To explain this, we need to introduce two key concepts: The first is called the Minimum Description Length (MDL) principle. This principle says that if we want to optimally compress a dataset using a model, we need to minimize the sum of two terms:
The entropy of the dataset after being passed through the model, and
The complexity of the model itself.
This idea builds directly on Shannon’s coding theorem, which says that the lower the entropy of the data, the more effectively it can be compressed. Now, estimating the entropy of a dataset given a model is something we roughly know how to do. For classification tasks, for instance, you can simply use cross-entropy loss.

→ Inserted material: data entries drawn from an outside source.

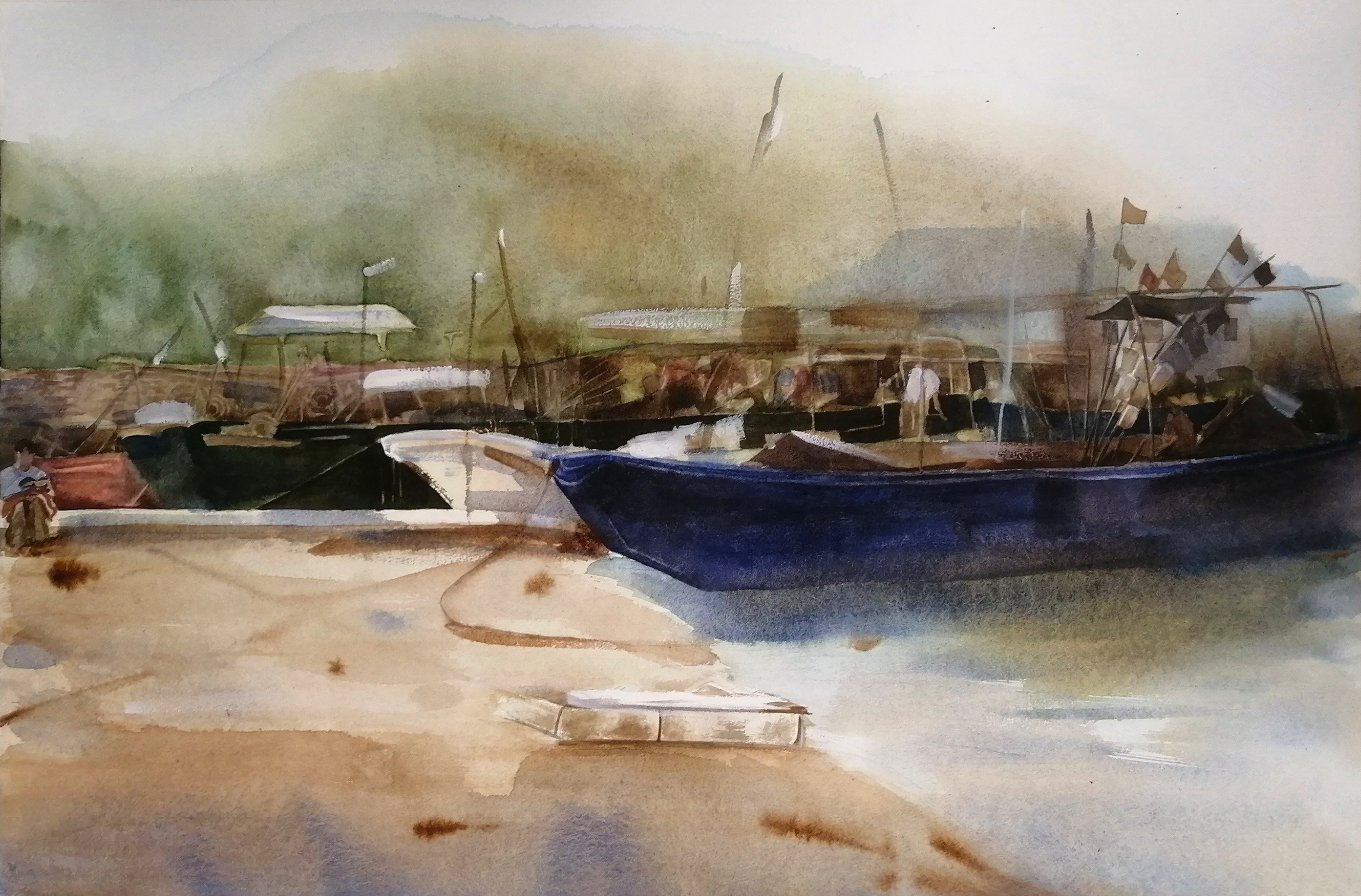 梁晓明《休渔时节》  50cm×55 cm  2023年 纸本水彩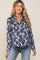 Navy Leaf Print Satin Button Up Maternity Blouse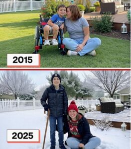 Evan’s progress was remarkable. Through consistent care, physical therapy, and Amy’s unwavering support, he began walking short distances with crutches, achieving milestones that many considered impossible.

But estimating the complexity of a model is harder. We first need to define something called Kolmogorov Complexity (KC). The KC of a data string ddd is the length of the shortest computer program that outputs d. For example, a line of repeated 1s has low KC (it’s easy to describe), while a random sequence of 0s and 1s has high KC (it takes nearly as much space to describe as the data itself). Importantly, KC is not computable in general.
Enter Rate–Distortion Theory
Another important concept is the rate–distortion function r, which given some input x and distortion tolerance ε defines the minimum number of bits (or KC) required to describe some output y that is within ε distortion of x. Of course, the notion of “distortion” depends on the chosen distance metric. In the paper’s context x and y are models (represented by their weights) while x is a fully(regularly) trained model M and is: a coarse-grained version of M, denoted by CS.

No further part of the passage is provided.